Records & Milestones
With long careers come milestones — hopefully two things a number of Yankees players achieve during the ’20s. Let’s run down a few that could come.
Home runs are in vogue and the Yankees have no shortage of players who hit them. Giancarlo Stanton has 308 career dingers to his name, and unless he falls off a cliff, there’s a good shot he reaches 500 with the Yankees. Then there’s the other large slugger in the lineup, Aaron Judge, who has 110 homers. How far he gets in pinstripes depends on his sustained success and the organization re-signing him, but there’s no doubt he has potential for a big lifetime total.
Sánchez also has a chance to set some catcher-records. He hit a career-high 34 homers this season; could he top Javy López’s 42 in 2003? Gary certainly seems capable if he could stay healthy. What about career homers? Mike Piazza’s 427 are most for a backstop. Gary’s at 105 through his age-26 season; Piazza had 92 at the same juncture. Still, the odds are slim and it’ll take quite a bit of longevity for Gary to even come close. It’ll also require the Yankees keeping him around once he’s a free agent after 2022.

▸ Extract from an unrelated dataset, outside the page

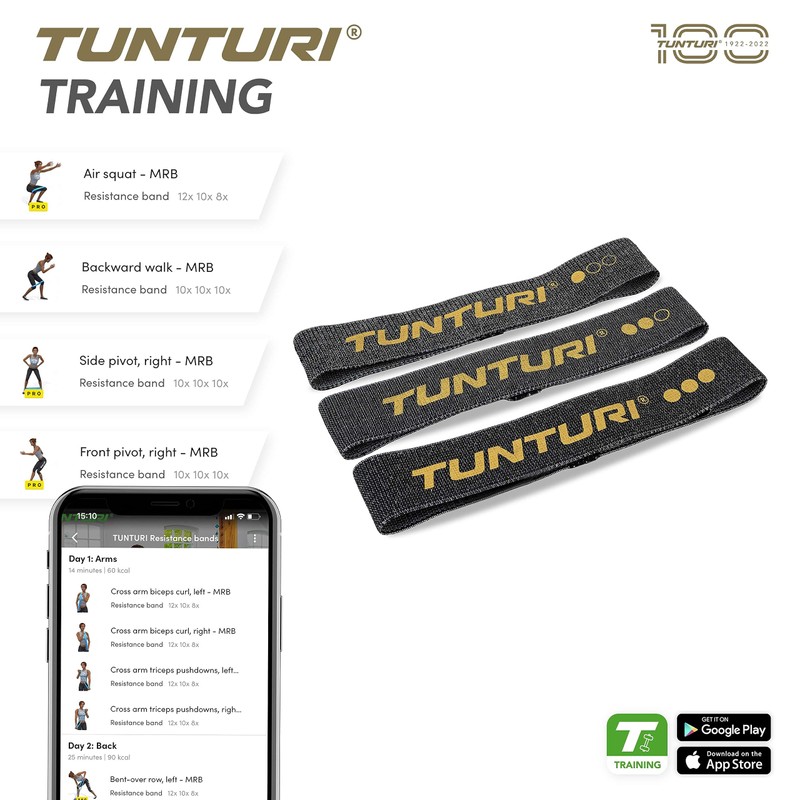 Tunturi Centuri Set of 3 Power Bands, Resistance Bands with Strength 4-14 kg, Fitness Band, Training Band for Strength Training
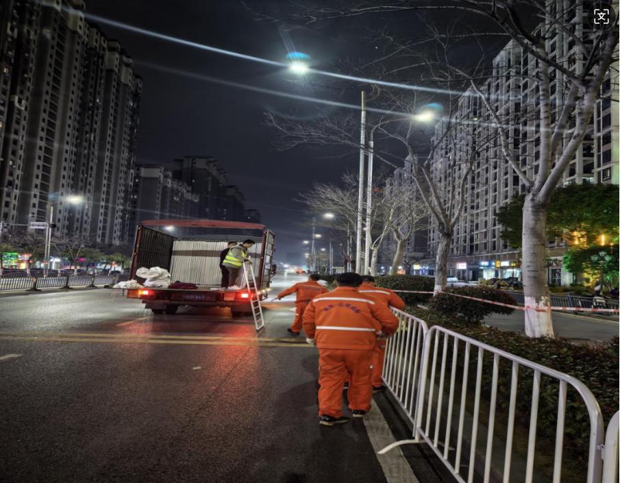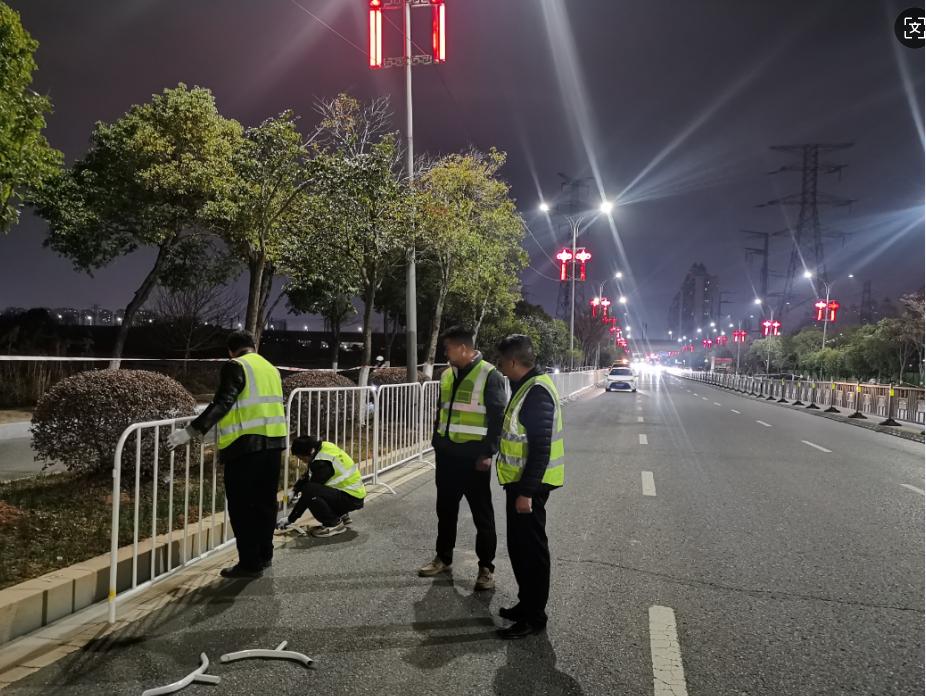 3月8日,公用设施公司全员连夜行动,开展交安设施安装,共完成象湖片区76个赛道路口交安设施封闭工作,在相关点位共投放了约600片拒马、7200片铁马以及反光锥及交通管制牌等设施。通过合理摆放铁马、拒马等交安设施设置出特定的跑道,使人流和车流有序流动,完成了“象湖半马”交通安全保障工作。

On the pitching side, Cole is the one to watch. I know wins aren’t a big deal, but he’s at 94 right now and almost certainly will surpass 200 with the Yankees. 250 will be harder: he’d have to average just over 17 wins per year through 2028. On the other hand, 3,000 strikeouts seems within reach. With 1,336 entering this year, he’d need to tally 185 Ks per season to reach that figure.
Jasson Dominguez’s debut
Dominguez is merely 16 years-old, so it’s going to be a while before we see him in pinstripes. In fact, the prime of his career could be in the 2030s, not 2020s. It’s weird to say that.
In any event, provided that Dominguez’s prospect trajectory follows the hype, his debut is going to be a major event this decade. Prospects will break your heart, but all we can do right now is dream on his potential. See you in 2024 or 2025, Jasson.